Gentoo Websites Logo
Go to: Gentoo Home Documentation Forums Lists Bugs Planet Store Wiki Get Gentoo!
Bug 550384 - sys-fs/duperemove fails to deduplicate
Summary: sys-fs/duperemove fails to deduplicate
Status: UNCONFIRMED
Alias: None
Product: Gentoo Linux
Classification: Unclassified
Component: Current packages (show other bugs)
Hardware: AMD64 Linux
: Normal normal (vote)
Assignee: Michał Górny
URL:
Whiteboard:
Keywords:
Depends on:
Blocks:
 
Reported: 2015-05-25 22:00 UTC by junkmail
Modified: 2020-10-31 06:20 UTC (History)
1 user (show)

See Also:
Package list:
Runtime testing required: ---


Attachments
Output of emerge --info (info.txt,16.10 KB, text/plain)
2015-05-25 22:00 UTC, junkmail
Details

Note You need to log in before you can comment on or make changes to this bug.
Description junkmail 2015-05-25 22:00:50 UTC
Created attachment 403956 [details]
Output of emerge --info

duperemove doesn't appear to deduplicate files as expected.

I made a small loop device to test brtfs deduplication, mounted at /mnt/gentoo

I formatted my /tmp partition with btrfs to test with a few files for deduplication.

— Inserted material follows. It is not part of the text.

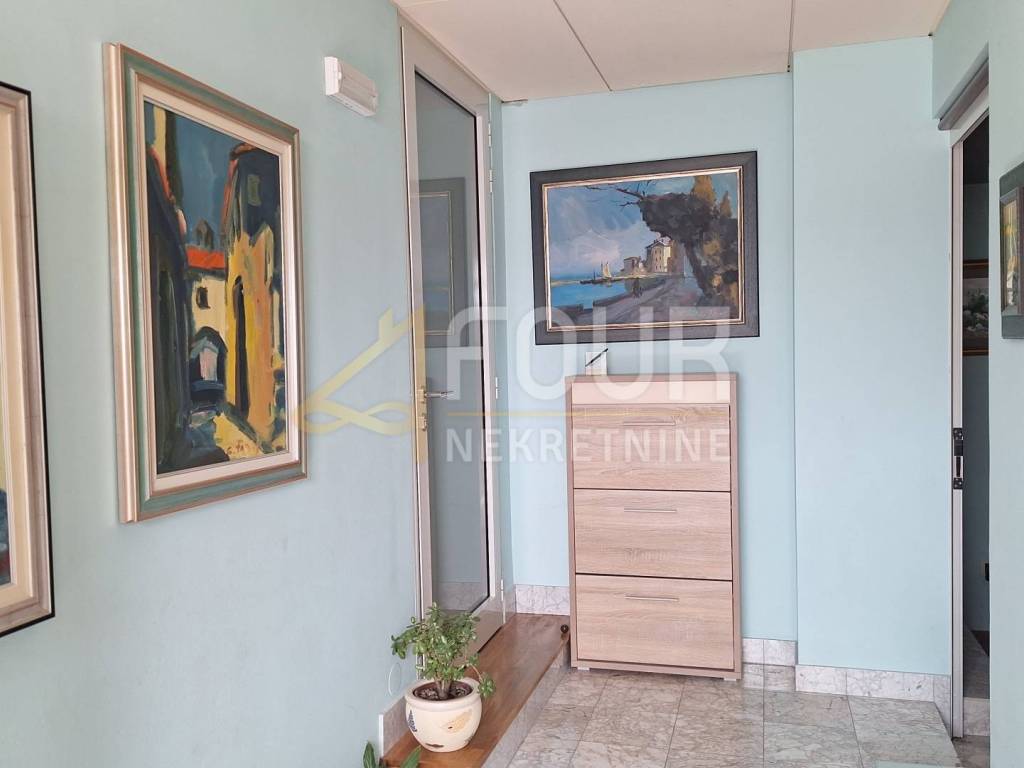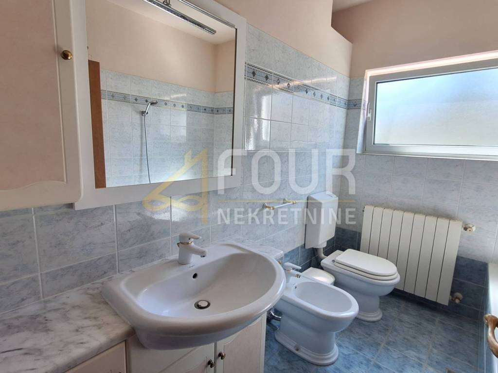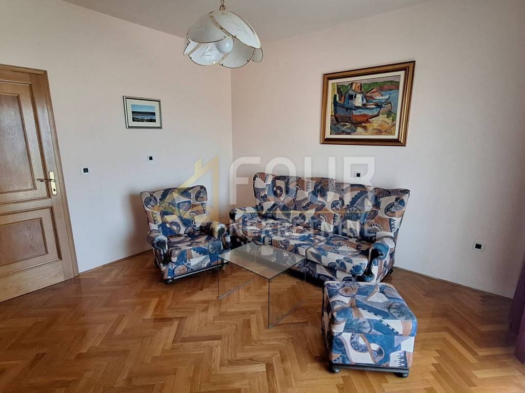 Apartment for long-term rent in Poljane. It is located on the first floor of the house with a separate entrance and offers a beautiful view of the sea. Furnished, tidy, with a new kitchen equipped with a dishwasher, microwave, refrigerator and a new oven with a hob. The kitchen leads to a closed loggia that can be opened if necessary. The bedroom is equipped with a large wardrobe, and the exit to the spacious loggia allows you to enjoy the view of Kvarner. It has two bathrooms and air conditioning for heating and cooling. There is a barbecue available for use in the garden, and there is also one outdoor parking space. Ideal for a couple. Pets are not allowed.

It looks like duperemove is correctly identifying the files to deduplicate, but not actually doing it:

# duperemove -drh /tmp/test
Using 128K blocks
Using hash: SHA256  
Using 4 threads for file hashing phase
csum: /tmp/test/1/video.wmv     [1/3]
csum: /tmp/test/2/video.wmv     [2/3]
csum: /tmp/test/video.wmv       [3/3]
Hashed 84 blocks, resulting in 28 unique hashes. Calculating duplicate extents - this may take some time.
[########################################]
Search completed with no errors.             
Simple read and compare of file data found 1 instances of extents that might benefit from deduplication.
Start           Length          Filename (3 extents)
0.0     3.5M    "/tmp/test/video.wmv"
0.0     3.5M    "/tmp/test/1/video.wmv"
0.0     3.5M    "/tmp/test/2/video.wmv"
Dedupe 2 extents with target: (0.0, 3.5M), "/tmp/test/video.wmv"
Kernel processed data (excludes target files): 7.0M
Comparison of extent info shows a net change in shared extents of: 0.0

I've also tried doing formatting a loop device with brtfs, and achieved the same results.

Using dupremove version 0.09.3 and gentoo-sources 4.0.2
Comment 1 Michał Górny archtester Gentoo Infrastructure gentoo-dev Security 2015-05-29 06:13:15 UTC
Sorry for asking.. but are you sure those files weren't deduped already by the fs? :)
Comment 2 junkmail 2015-05-31 08:21:12 UTC
Yes I'm sure. I can fill up the filesystem with the same file and after deduplication it's still full
Comment 3 Michał Górny archtester Gentoo Infrastructure gentoo-dev Security 2017-09-02 09:21:46 UTC
I'm sorry for not being able to deal with this. Could you try if the current version works?
Comment 4 junkmail 2017-09-16 18:57:30 UTC
I tried it again duperemove-0.11_beta4 on kernel 4.13.2 and it sort of works, but not as I would expect.

I filled a 1000MiB loop device with one small video file (approx 25MB), and the free space as reported by KDiskFree went from 93.7MiB free to 185.8MiB free. There was nothing else on this device.
Comment 5 Kent Fredric (IRC: kent\n) (RETIRED) gentoo-dev 2020-09-21 03:48:09 UTC
(In reply to junkmail from comment #4)
> I tried it again duperemove-0.11_beta4 on kernel 4.13.2 and it sort of
> works, but not as I would expect.
> 
> I filled a 1000MiB loop device with one small video file (approx 25MB), and
> the free space as reported by KDiskFree went from 93.7MiB free to 185.8MiB
> free. There was nothing else on this device.

I'd suggest using a test target that is smaller, and has lower net entropy first.

High entropy seems to be the sort of thing that would thwart anything block oriented.

In that, I suspect it "partially works", but your test case is pushing its limits.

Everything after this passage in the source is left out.